Guillaume Monod Manuscript Collection
|Creator:||Monod, Guillaume (1800-1896)|
|Extent:||15 bound volumes, 3 linear feet|
|Repository:||Princeton Theological Seminary Library. Special Collections.|
Guillaume Monod (1800-1896) was son of Swiss Reformed scholar Jean Monod (1765-1836). Guillaume claimed to be the new Messiah and to represent the Second Coming of Jesus Christ. Also known as “Billy,” he was considered to be the most unconventional of the revivalist Monod family, which included his younger brother Adolphe, a seminary professor at Montauban, France. Guillaume and Charles Hodge roomed together in Berlin. The Monods were key figures in the 19th century Réveil or awakening in French-speaking Switzerland and France, along with Louis Gaussen and Merle D'Aubigne.
Scope and Content
The collection consists of 15 bound handwritten volumes: "Hectographies.

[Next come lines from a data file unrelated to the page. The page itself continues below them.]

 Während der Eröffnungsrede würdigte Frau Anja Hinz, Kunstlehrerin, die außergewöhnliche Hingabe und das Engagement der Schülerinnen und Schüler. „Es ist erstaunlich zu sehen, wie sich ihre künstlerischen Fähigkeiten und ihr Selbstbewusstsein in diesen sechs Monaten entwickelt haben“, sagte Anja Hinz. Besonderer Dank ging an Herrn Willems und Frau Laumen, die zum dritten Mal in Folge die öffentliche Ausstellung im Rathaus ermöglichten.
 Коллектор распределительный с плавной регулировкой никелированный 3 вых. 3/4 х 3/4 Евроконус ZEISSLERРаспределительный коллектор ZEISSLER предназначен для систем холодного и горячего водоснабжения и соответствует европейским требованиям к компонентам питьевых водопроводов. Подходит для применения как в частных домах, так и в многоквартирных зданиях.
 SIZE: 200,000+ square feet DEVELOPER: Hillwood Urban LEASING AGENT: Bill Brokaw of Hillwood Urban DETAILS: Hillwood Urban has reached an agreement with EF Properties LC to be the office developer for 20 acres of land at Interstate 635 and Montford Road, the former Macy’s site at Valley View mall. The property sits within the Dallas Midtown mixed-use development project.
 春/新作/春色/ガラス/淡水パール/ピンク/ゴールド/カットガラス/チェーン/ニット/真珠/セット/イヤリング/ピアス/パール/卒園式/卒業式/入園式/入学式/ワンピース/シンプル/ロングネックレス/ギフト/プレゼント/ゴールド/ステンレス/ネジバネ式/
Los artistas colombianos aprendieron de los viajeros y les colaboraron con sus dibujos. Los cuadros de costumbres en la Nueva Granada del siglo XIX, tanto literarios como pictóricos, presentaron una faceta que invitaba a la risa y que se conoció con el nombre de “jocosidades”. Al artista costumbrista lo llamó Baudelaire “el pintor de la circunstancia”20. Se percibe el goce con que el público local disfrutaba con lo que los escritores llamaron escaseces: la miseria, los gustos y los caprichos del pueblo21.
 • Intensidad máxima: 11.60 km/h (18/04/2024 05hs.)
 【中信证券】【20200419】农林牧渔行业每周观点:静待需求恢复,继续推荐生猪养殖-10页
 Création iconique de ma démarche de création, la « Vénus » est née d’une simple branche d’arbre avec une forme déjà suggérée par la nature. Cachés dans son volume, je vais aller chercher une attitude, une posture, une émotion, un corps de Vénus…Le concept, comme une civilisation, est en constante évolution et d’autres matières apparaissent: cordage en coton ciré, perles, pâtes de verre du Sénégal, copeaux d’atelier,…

Lettres et Explications sur les Ecritures" (1-13); "La lumière et l'obscurité" (14); "Le Messager Biblique" (15). Volume 15 includes later typewritten notes.
Religious awakening--Christianity--History--19th century.
The following is the acceptable citation for publication: Guillaume Monod Manuscript Collection, Special Collections, Princeton Theological Seminary Library.
The collection was given to Princeton Theological Seminary in 1949 by the Association Avenir Synthetique, E.G. Krapier, President.
There are no special restrictions to access of this collection. It may be examined by library patrons under the normal rules and conditions of Special Collections.